With the suggestion yesterday that he may take Tesla Inc (NASDAQ:TSLA) private, CEO Elon Musk continues to be a one man headline-generating machine, a feat which ultimately obscures investors to the tonne of embedded value in his company, says Cameron Hurst, chief investment officer at Equium Capital Management.
On Tuesday, Musk tweeted his interest in taking automotive and aerospace company Tesla private at $420 per share, declaring that the funding for such a move had already been secured (all figures in US dollars).

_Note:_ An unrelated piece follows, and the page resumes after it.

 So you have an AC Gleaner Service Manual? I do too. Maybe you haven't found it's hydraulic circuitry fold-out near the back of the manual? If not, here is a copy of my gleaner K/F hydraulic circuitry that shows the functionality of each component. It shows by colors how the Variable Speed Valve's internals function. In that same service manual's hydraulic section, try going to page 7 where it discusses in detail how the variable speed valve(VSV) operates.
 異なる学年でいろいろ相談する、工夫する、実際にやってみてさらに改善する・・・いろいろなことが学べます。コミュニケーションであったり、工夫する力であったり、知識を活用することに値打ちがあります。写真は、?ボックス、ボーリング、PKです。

But later that day in an email to employees, Musk said the “wild swings in our stock price” were serving as a “major distraction” for the company and its employees and that going private would free Tesla up from having to pay homage to quarterly earnings cycles.
The news follows on last week’s second-quarter earnings from Tesla, which featured the company’s largest quarterly loss to date, a net loss of $742.7 million, up from $401.4 million a year ago.

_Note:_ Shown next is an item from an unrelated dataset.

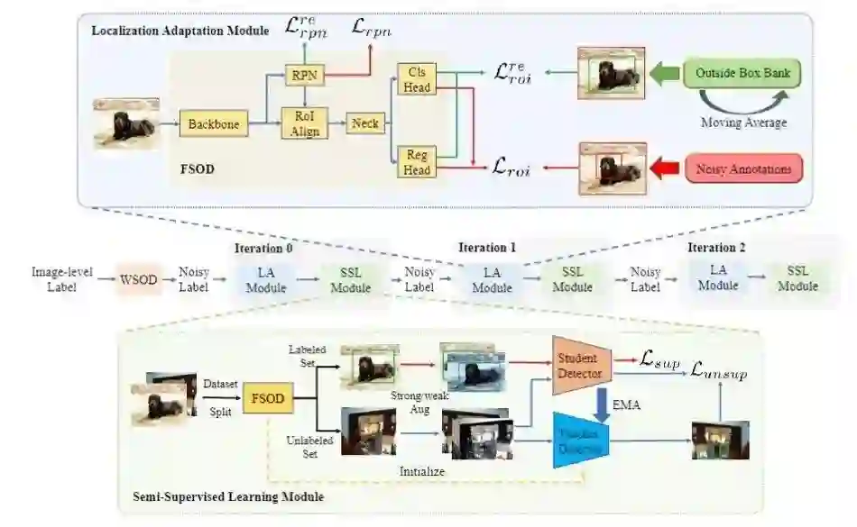 弱监督物体检测任务(WSOD)旨在仅利用图像级别的类别标签来训练一个检测器。几年来,一些弱监督检测方法试图从原始的 WSOD 模型中挑选高质量的伪标注来提升模型性能。然而,这些方法仅仅根据图片级的线索,简单的将带有伪标注的训练集数据集划分为有标签集和无标签集,而忽略了每一个检测框的分类信息和定位信息,因此信息没有得到充分利用。在本工作中,我们提出将弱监督信号转化为带噪监督信号的目标检测算法(W2N),该算法包含两个迭代训练的子模块。我们的算法充分考虑了每一个检测框具有的信息,并提出了一个正则化损失来缓解WSOD会集中注意到"discriminative part"的问题。实验结果显示,我们的方法在 PASCAL VOC, COCO 等数据集上都达到了 SOTA 。

Still, revenue of $4 billion beat analysts’ estimates and the company reported that it would not be needing to raise more cash this year and that capital expenses for 2018 would run a little under $2.5 billion, lower than expected. That news drove the price of Tesla shares up 12 per cent in trading last Thursday, followed up by yesterday’s 10.5 per cent jump in response to Musk’s comments.
But investors would be better off ignoring much of the press on Tesla, says Hurst, since it has become too fixated on Musk’s personal antics as well as the production numbers for Tesla’s Model 3 all-electric vehicle.

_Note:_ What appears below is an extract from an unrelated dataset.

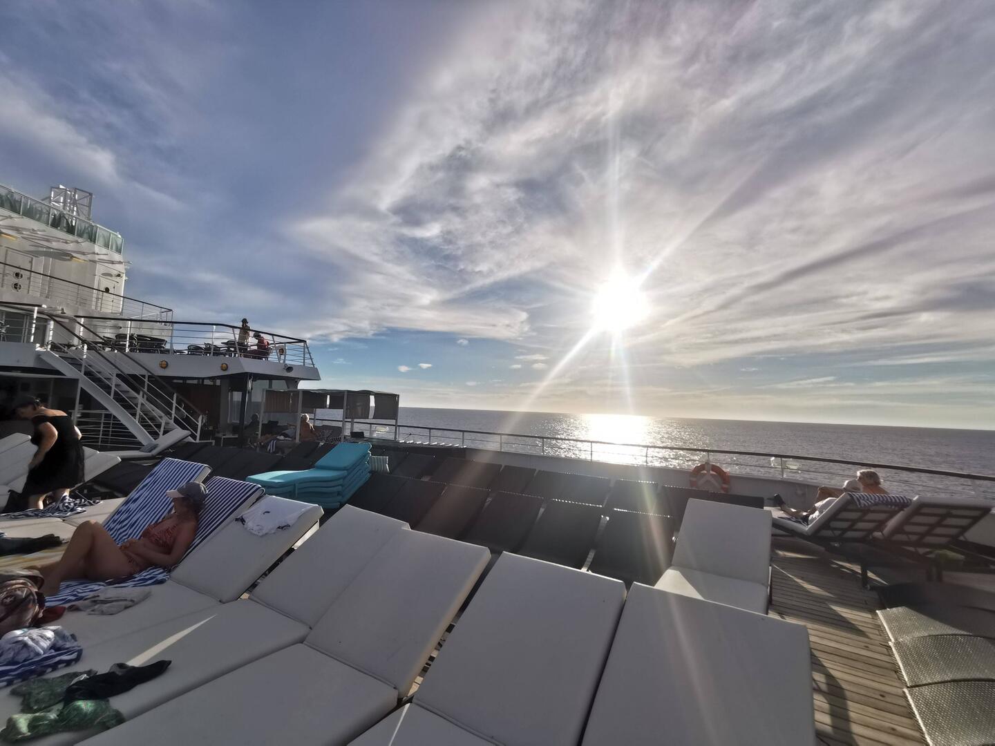 Dann folgte wieder ein Seetag wo man schnell schatten suchen musste, und nach unserer Gymnastik wurden wir auch fündig.

“This is ultimately one of those cases of signal and noise,” Hurst told BNN Bloomberg Tuesday. “The reality is that there is incredible embedded value [but] everybody is focused on the right here and right now —what was the Model 3 production, did he miss or did he hit it?— and then there’s articles about his father, about his family and all kinds of things that are clouding the issue that there is, in fact, tremendous embedded value in this company, both on the automotive side and, not in the least, the SpaceX side.”
Musk said in a blog post on Tuesday that in taking Tesla private, he had no intentions of merging the automotive company with the privately held space transport and aerospace company SpaceX, one of the world’s most valuable private companies worth an estimated $28 billion. He further clarified that a privatized Tesla would likely be structured similar to SpaceX, which has held funding rounds twice a year on average over the past three years.
Hurst says that there’s a real void of media coverage on Tesla’s hard assets, arguing, “They are definitely talking about the cash burn, that makes sense, but you’ve gotta look at the assets and how you’d value Space X —and that almost never comes in. It’s all about Model 3 and that’s crazy.”